[Stored items from a collection]
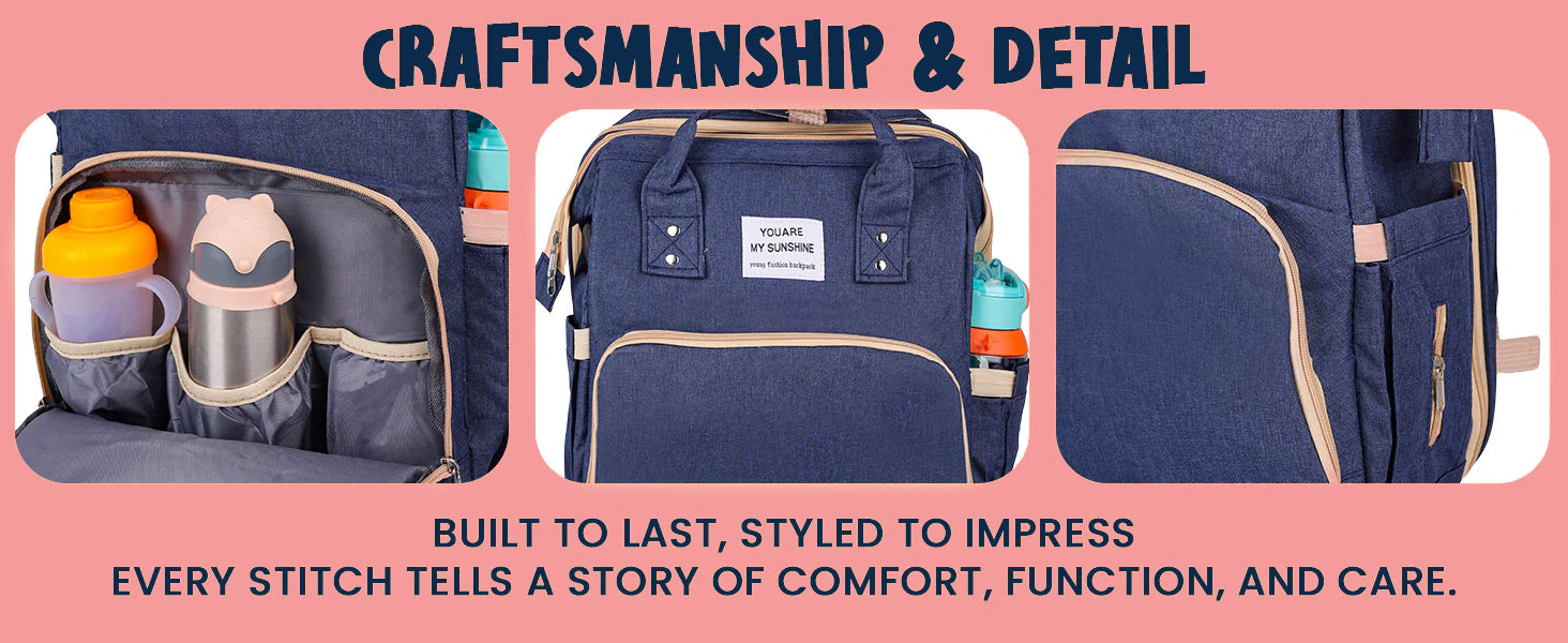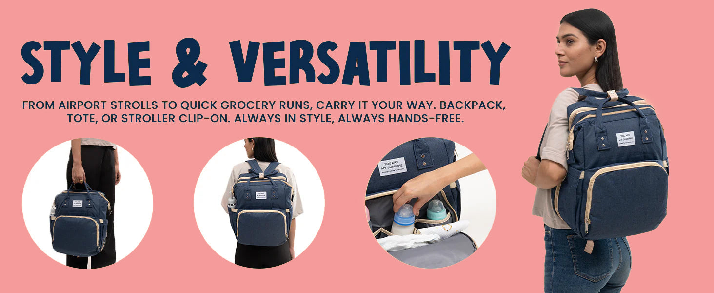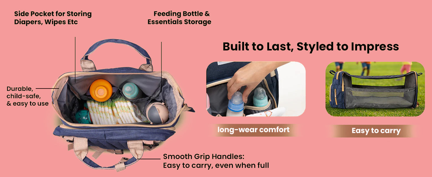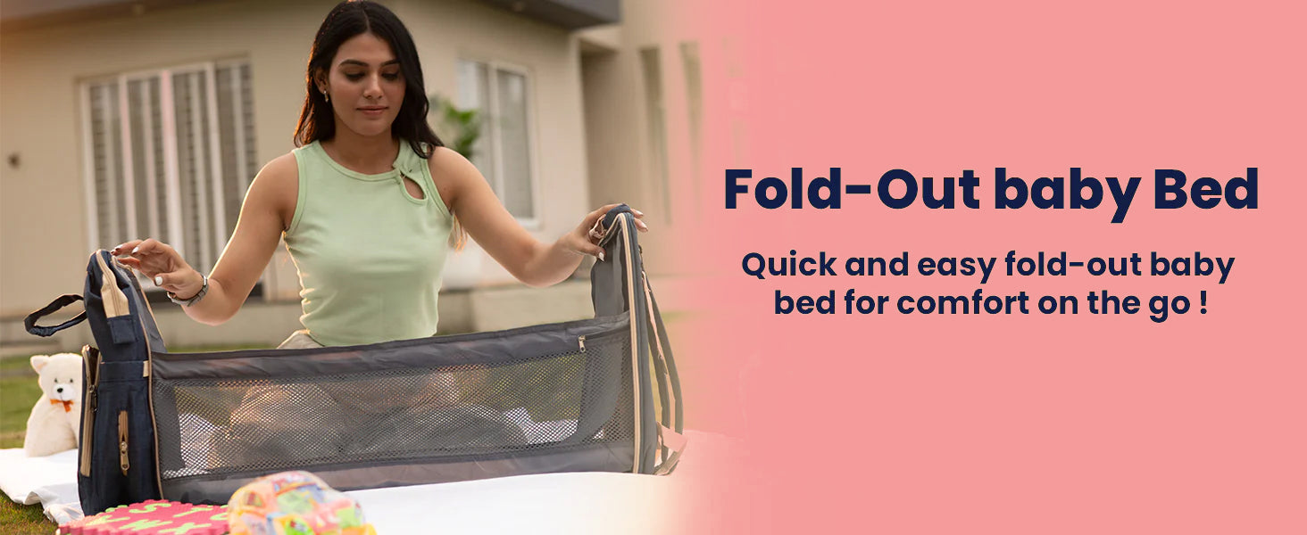 Diaper Bag | Foldable Baby Bed & Changing Station | 11 Pockets, Insulated Bottle Holders, USB Port|Water Resistant | Maternity Bag
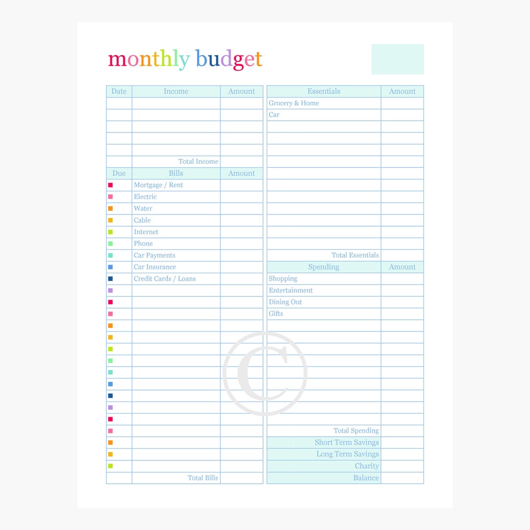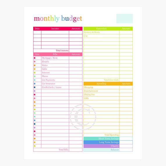 MONTHLY BUDGET Budget Planner Printable Pages Happy Financial Bill
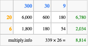 That's all there is to it! As you can see from the box above, the answer to 339 times 26 using the box method is 8,814.
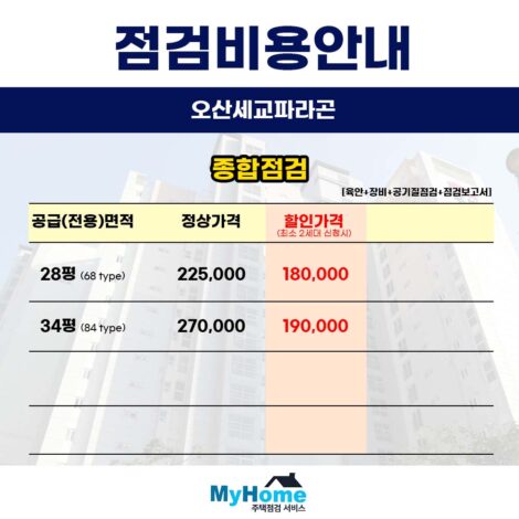 안녕하세요 마이홈주택점검서비스입니다 오늘은 많은 문의주시는 오산세교2지구모아미래도 신축 아파트의 사전점검 대행 업체와 비용에 대해 말씀드리겠습니다 현재 입주…
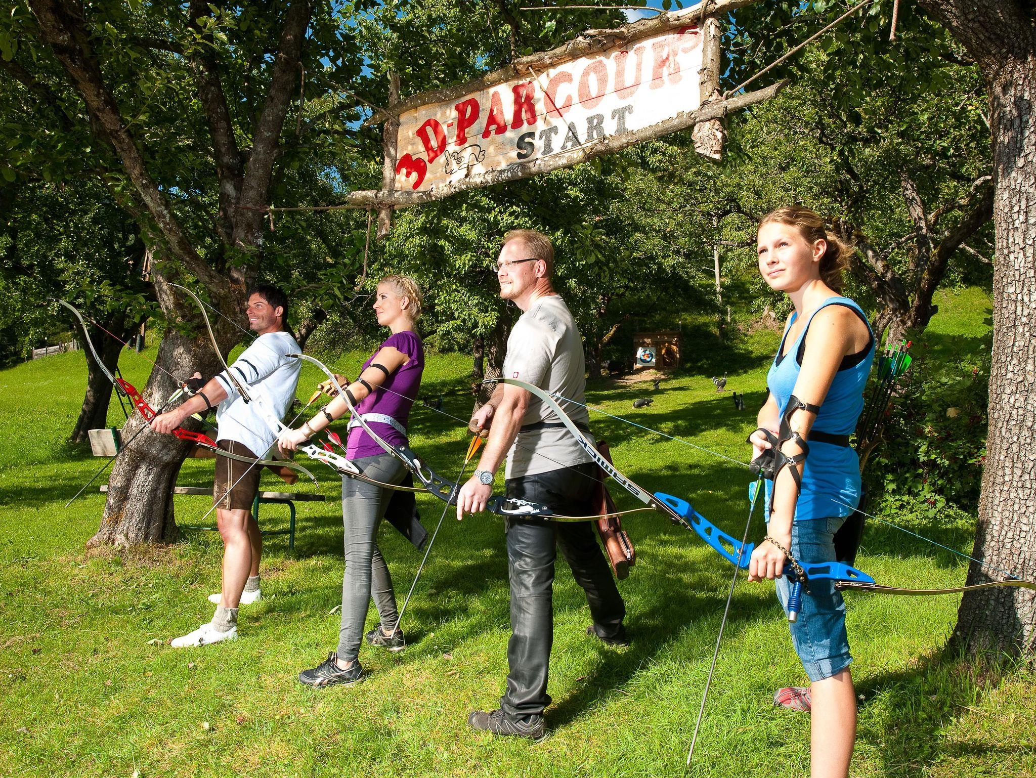 Appartement 60m2 für 4-5 Personen mit 2 Schlafräume, 1 Wohnraum mit Küchenblock incl. Grundausstattung an Geschirr u. Geschirrspüler, getrennte DU/WC , SAT-TV, Radio, Telefon, Safe, W-Lan, und sonnenseitige Terrasse.NEU! Wellness und Beauty: Die Benützung des hauseigenen Wellnessbereiches ist 3x wöchentlich im Preis inkludiert (Dampfbad, Sauna, Ruheraum, Fitnessraum). Behandlungen in unserem Kosmetiksalon können extra gebucht werden. 3-D Jagdbogenparcours: Wir sind aktive Bogenschützen und bieten unseren Gästen einen hauseigenen 3-D Jagdbogenparcours, der gleich hinter dem Haus beginnt. Ausrüstungsverleih und Grundkurse sind, je nach Witterung, auch im Winter möglich.
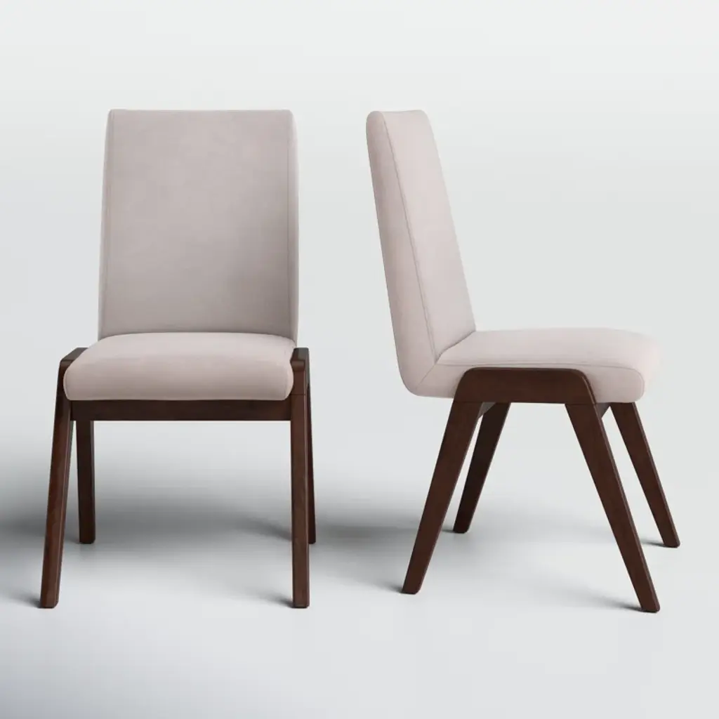 This 2-piece set of side chairs offers traditional style with a twist. Each is crafted from solid wood in a burnt birch finish and sits atop slightly tapered legs. Polyester-blend upholstery on the seats and backs offers just the right amount of coziness. These chairs boast a subtle wing-backed design for added support, and their light beige hue fits right in with a mix of home aesthetics. We love how these side chairs look paired with an on-trend cocktail table or in multiples around your dining table.
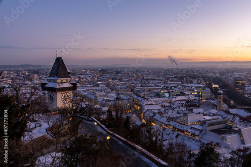 © Alexander, Naklejka premium Graz, Austria - January 11, 2021: Sunset in the winter
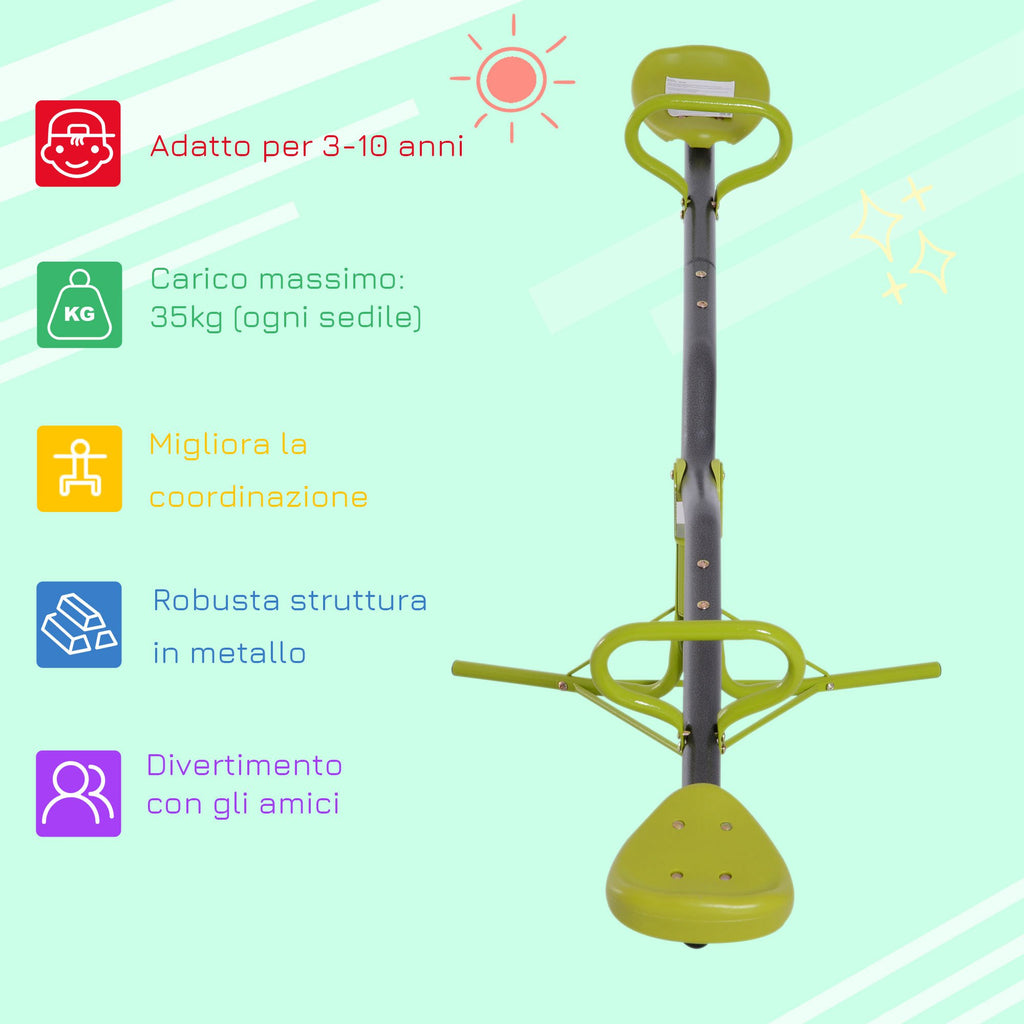 Altalena Basculante e Rotante da Giardino per Bambini in Metallo Verde e Grigio
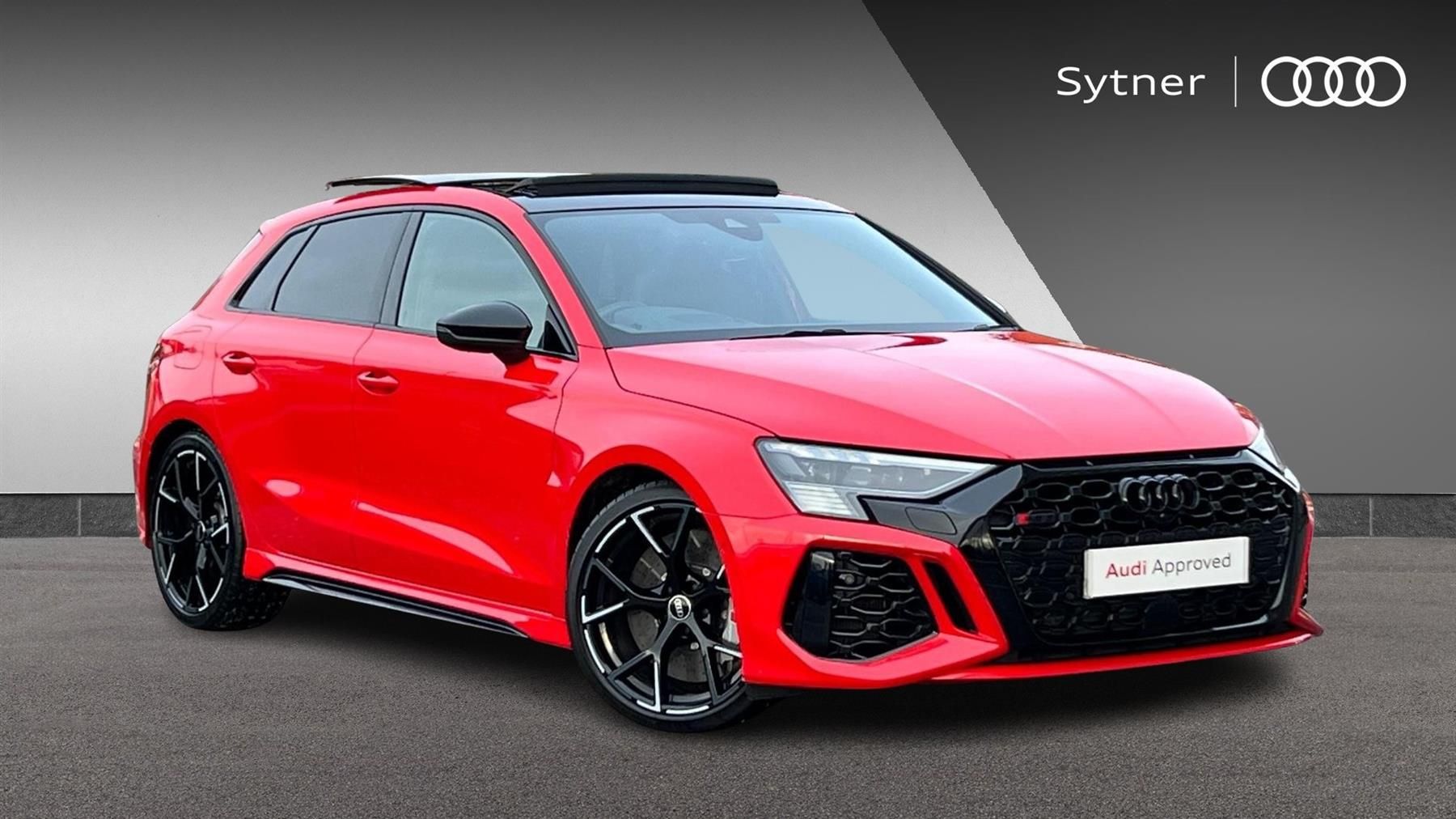 Reserve Online,RS ceramic brakes Grey,RS Dynamic Pack,MMI navigation plus with MMI touch - RS3,Panoramic glass sunroof,Head up Display,Audi virtual cockpit with RS specific display 12.3" full colour digital instrument cluster,Adaptive cruise assist,Camera based traffic sign recognition,Lane departure warning system,RS sports exhaust system,Parking assist with parking system plus,Reversing camera,Heated front seats,Audi beam uses LEDs to project the Audi sport logo onto the ground as you exit your RS 3,Auto dimming rear view mirror,Dual zone electronic climate control,Privacy glass - dark tinted rear and rear side windows from B-pillar backwards
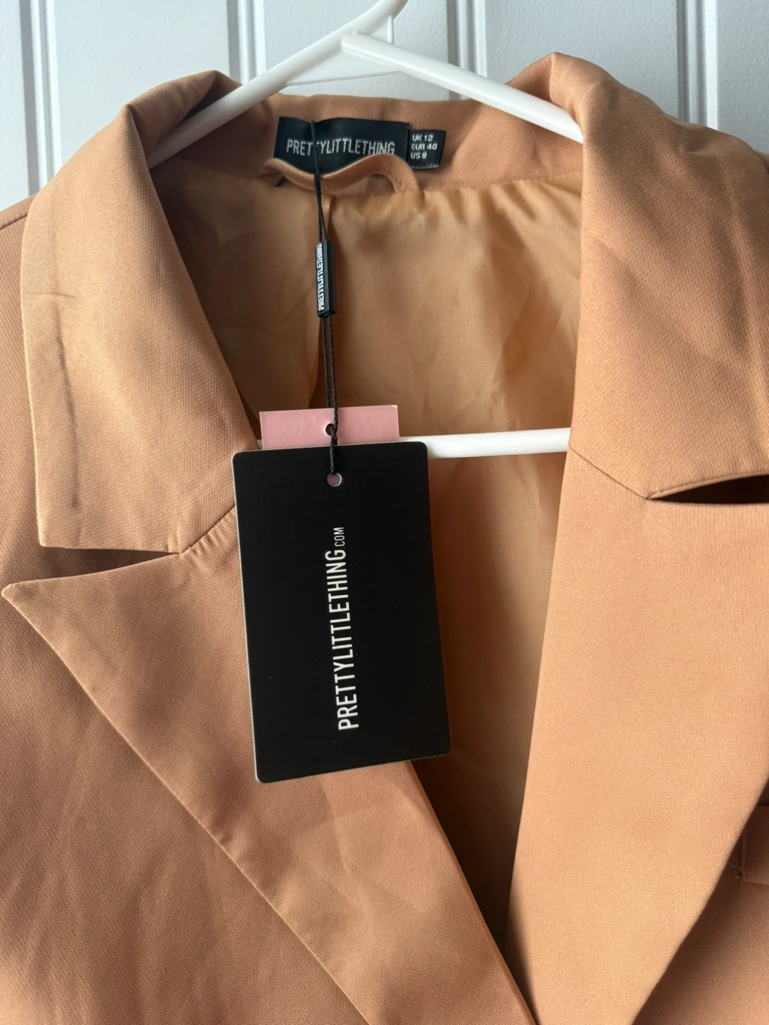 Selling a brand new PrettyLittleThing cropped blazer! It's a size US 8 and has a stylish, cropped fit. The colour is a lovely tan shade, perfect for adding a touch of sophistication to any outfit. Never been worn and still has the tags attached!

* [Task item]: For this exercise, transcribe the data above line by line, exactly, with pictures omitted.

* [Answer to the exercise]:
 Diaper Bag | Foldable Baby Bed & Changing Station | 11 Pockets, Insulated Bottle Holders, USB Port|Water Resistant | Maternity Bag
 MONTHLY BUDGET Budget Planner Printable Pages Happy Financial Bill
 That's all there is to it! As you can see from the box above, the answer to 339 times 26 using the box method is 8,814.
 안녕하세요 마이홈주택점검서비스입니다 오늘은 많은 문의주시는 오산세교2지구모아미래도 신축 아파트의 사전점검 대행 업체와 비용에 대해 말씀드리겠습니다 현재 입주…
 Appartement 60m2 für 4-5 Personen mit 2 Schlafräume, 1 Wohnraum mit Küchenblock incl. Grundausstattung an Geschirr u. Geschirrspüler, getrennte DU/WC , SAT-TV, Radio, Telefon, Safe, W-Lan, und sonnenseitige Terrasse.NEU! Wellness und Beauty: Die Benützung des hauseigenen Wellnessbereiches ist 3x wöchentlich im Preis inkludiert (Dampfbad, Sauna, Ruheraum, Fitnessraum). Behandlungen in unserem Kosmetiksalon können extra gebucht werden. 3-D Jagdbogenparcours: Wir sind aktive Bogenschützen und bieten unseren Gästen einen hauseigenen 3-D Jagdbogenparcours, der gleich hinter dem Haus beginnt. Ausrüstungsverleih und Grundkurse sind, je nach Witterung, auch im Winter möglich.
 This 2-piece set of side chairs offers traditional style with a twist. Each is crafted from solid wood in a burnt birch finish and sits atop slightly tapered legs. Polyester-blend upholstery on the seats and backs offers just the right amount of coziness. These chairs boast a subtle wing-backed design for added support, and their light beige hue fits right in with a mix of home aesthetics. We love how these side chairs look paired with an on-trend cocktail table or in multiples around your dining table.
 © Alexander, Naklejka premium Graz, Austria - January 11, 2021: Sunset in the winter
 Altalena Basculante e Rotante da Giardino per Bambini in Metallo Verde e Grigio
 Reserve Online,RS ceramic brakes Grey,RS Dynamic Pack,MMI navigation plus with MMI touch - RS3,Panoramic glass sunroof,Head up Display,Audi virtual cockpit with RS specific display 12.3" full colour digital instrument cluster,Adaptive cruise assist,Camera based traffic sign recognition,Lane departure warning system,RS sports exhaust system,Parking assist with parking system plus,Reversing camera,Heated front seats,Audi beam uses LEDs to project the Audi sport logo onto the ground as you exit your RS 3,Auto dimming rear view mirror,Dual zone electronic climate control,Privacy glass - dark tinted rear and rear side windows from B-pillar backwards
 Selling a brand new PrettyLittleThing cropped blazer! It's a size US 8 and has a stylish, cropped fit. The colour is a lovely tan shade, perfect for adding a touch of sophistication to any outfit. Never been worn and still has the tags attached!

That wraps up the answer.